== Data extracts ==
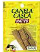
12305 CANELA EM CASCA NATIVO | 15X10 GR 7897052200839
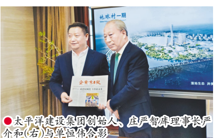
太平洋建设集团创始人、庄严智库理事长严介和(右)与单恒伟合影

太平洋建设集团始建于 1995 年,是一家以基础设施投资、建设与管理为核心产业,拥有国家公路、市政、水利、建筑等多个总承包及若干专业承包一级资质,风景园林工程设计拥有顶级资质的民营企业。在中国城市化、城镇化、城乡一体化的进程中,太平洋建设融资源、智慧、资本于一体,成为中国最大的城市运营商。2019 年 7 月 22 日,2020 年《财富》
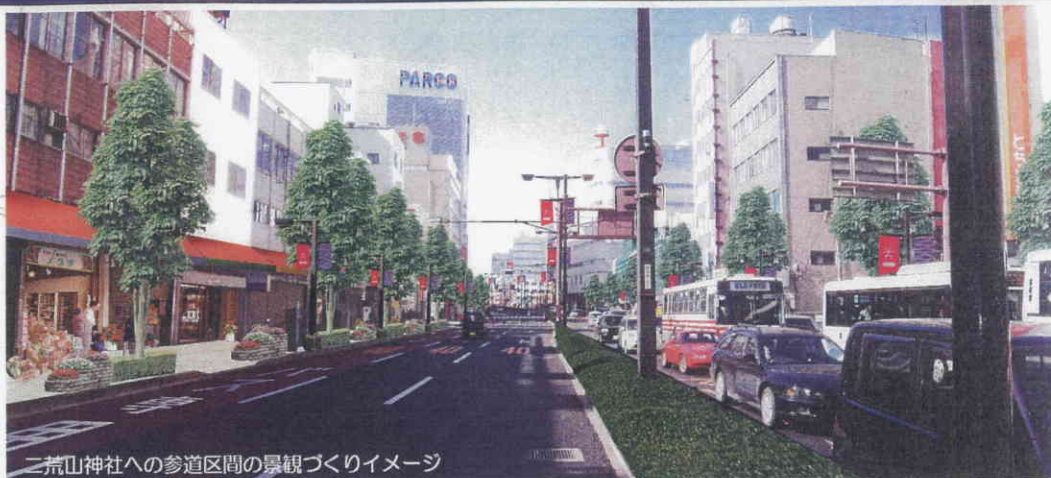
二荒山神社への参道区間の景観づくりイメージ
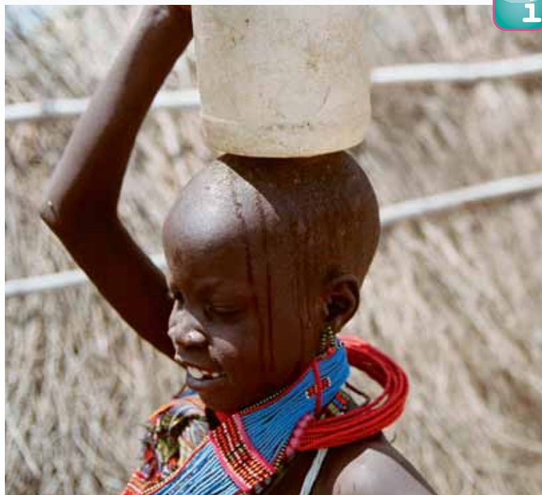
I bambini sanno che l'acqua potabile ha un ruolo importante nella salute.

Caritas Svizzera lavora da molti anni per migliorare l'approvvigionamento di acqua delle popolazioni sudanesi. Sono stati costruiti e sono conservati in buono stato oltre 200 pozzi a mano. Nel 2006 è stato costruito, in un villaggio, il primo ser-
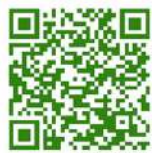
Court central - 3 " fiche de postes "
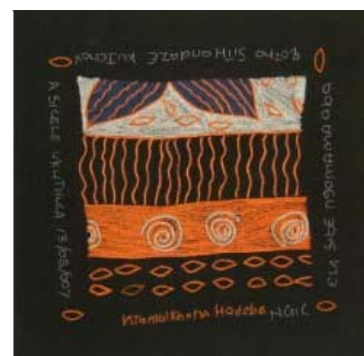
Montées sur châssis, ces peintures forment de véritables tableaux (photos 1 & 3). Papier fabriqué à base de feuilles de bananes avec des fragments de peinture Pakhamani originale faite à la main (photo 2)
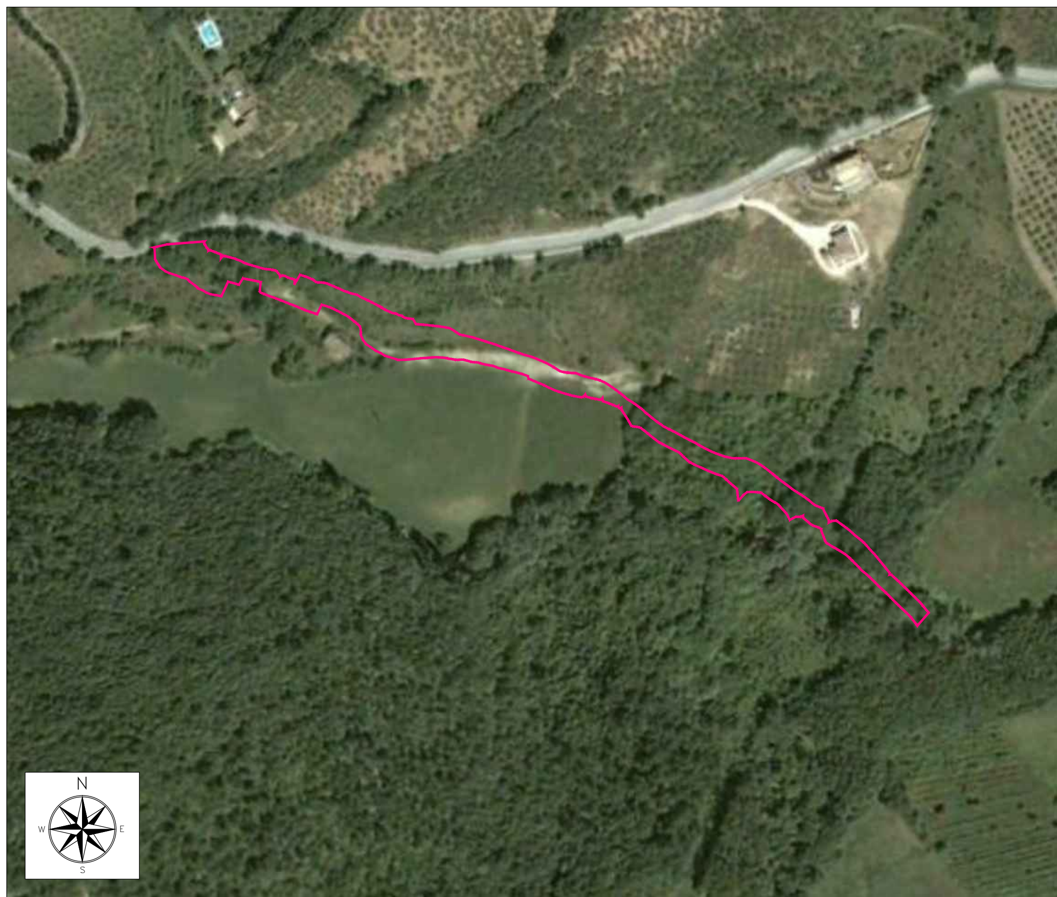
ORTOFOTO DI INQUADRAMENTO - SCALA 1:2000
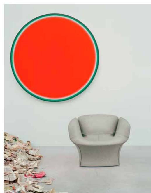
Bloomy für Moroso
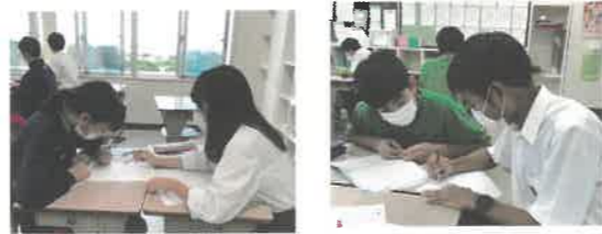
ピアチューターの様子

高校生が中学生のピアチューターとして学習を支援☆ 高校生にも中学生にも勉強になります♡
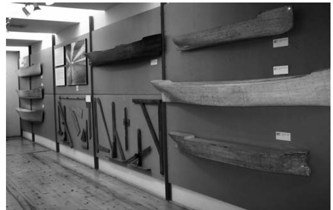
9.- Museo “El Dique”. Sala II

Situada en el piso alto de la antigua cámara de calderas, la Sala II centra su objetivo en la descripción de los procesos de diseño y trazado de un barco. Una colección de semimodelos para trazado y diferentes herramientas de este gremio casi desaparecido, son las piezas más llamativas de la sala.
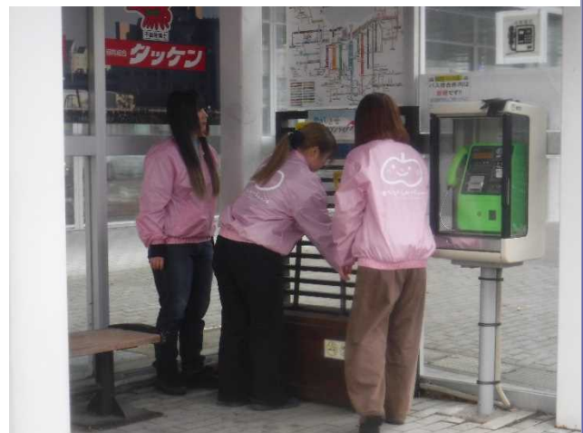
スコップ設置の様子

二十四節気の一つである「大雪の日」の12月7日に、青森公立大学の学生を中心に構成される「まちなかしかへらあ〜s」が主体となって市役所前バス停にてスコップの設置式を行いました。
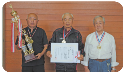
◎団体戦 優勝 下西八百杉会B (磯)
===
Return only the lines running from the start of the entries above to the line that contains "22 日,2020 年《财富》", inclusive, and omit every picture.

# [Response to the exercise]
12305 CANELA EM CASCA NATIVO | 15X10 GR 7897052200839
太平洋建设集团创始人、庄严智库理事长严介和(右)与单恒伟合影

太平洋建设集团始建于 1995 年,是一家以基础设施投资、建设与管理为核心产业,拥有国家公路、市政、水利、建筑等多个总承包及若干专业承包一级资质,风景园林工程设计拥有顶级资质的民营企业。在中国城市化、城镇化、城乡一体化的进程中,太平洋建设融资源、智慧、资本于一体,成为中国最大的城市运营商。2019 年 7 月 22 日,2020 年《财富》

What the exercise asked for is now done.